__Task to complete__
Drop the pictures and restate the rest of the listing word for word.

________________

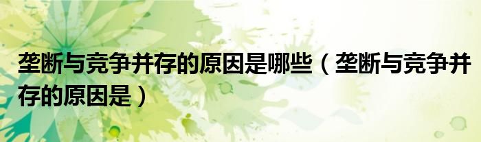 关于垄断与竞争并存的原因是哪些,垄断与竞争并存的原因是这个很多人还不知道,今天菲菲来为大家解答以上的问题,现在让我们一起来看看吧!
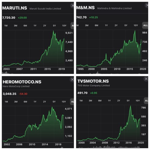 Companies like Maruti, Hero, TVS and many component companies have rewarded investors handsomely in the last 20 years and the trend will continue. Component and battery manufacturers Like Exide & Amara Raja who supply to the Industry and export have also performed handsomely. This year the sector has been impacted and inspite of markets reaching an all time high these stocks still have some distance to go.
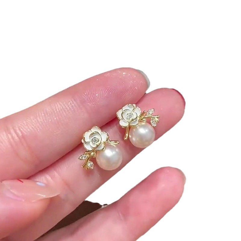 Camellia Pearl Stud Earrings Decorative
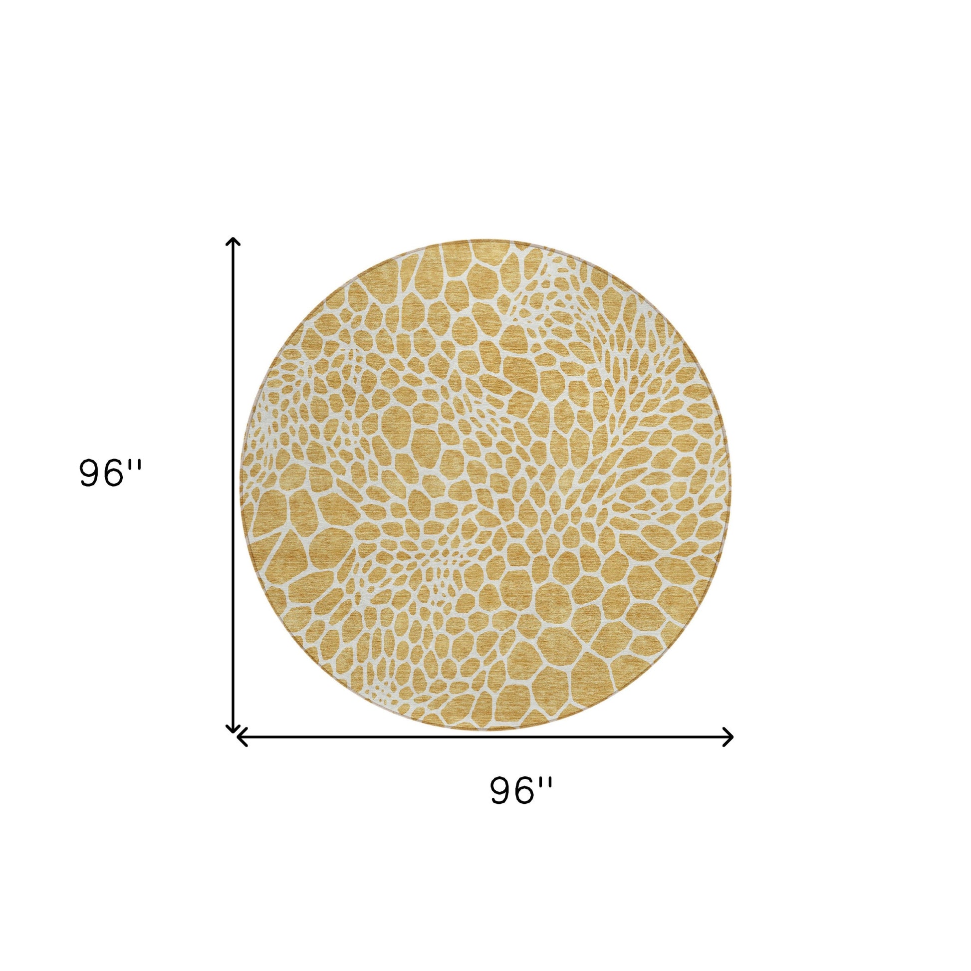Tabselect Home Line 8' Gold And Ivory Round Geometric Washable Indoor Outdoor Area Rug
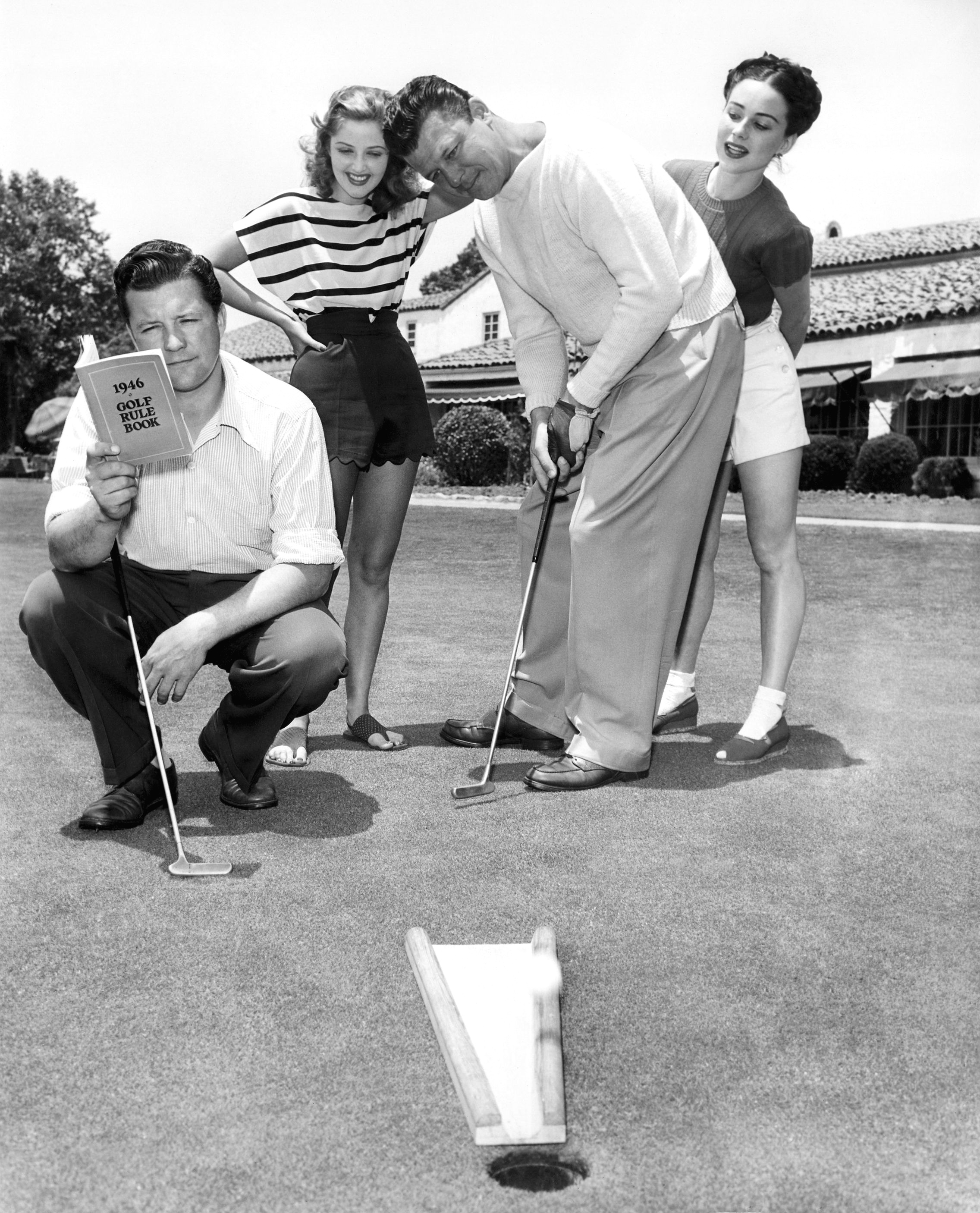 Next, say hello to Martha Vickers. We have three shots of the pretty actress, including two with Jack Carson and Dennis Morgan out on the golf course.

________________

__Task response__
 关于垄断与竞争并存的原因是哪些,垄断与竞争并存的原因是这个很多人还不知道,今天菲菲来为大家解答以上的问题,现在让我们一起来看看吧!
 Companies like Maruti, Hero, TVS and many component companies have rewarded investors handsomely in the last 20 years and the trend will continue. Component and battery manufacturers Like Exide & Amara Raja who supply to the Industry and export have also performed handsomely. This year the sector has been impacted and inspite of markets reaching an all time high these stocks still have some distance to go.
 Camellia Pearl Stud Earrings Decorative
Tabselect Home Line 8' Gold And Ivory Round Geometric Washable Indoor Outdoor Area Rug
 Next, say hello to Martha Vickers. We have three shots of the pretty actress, including two with Jack Carson and Dennis Morgan out on the golf course.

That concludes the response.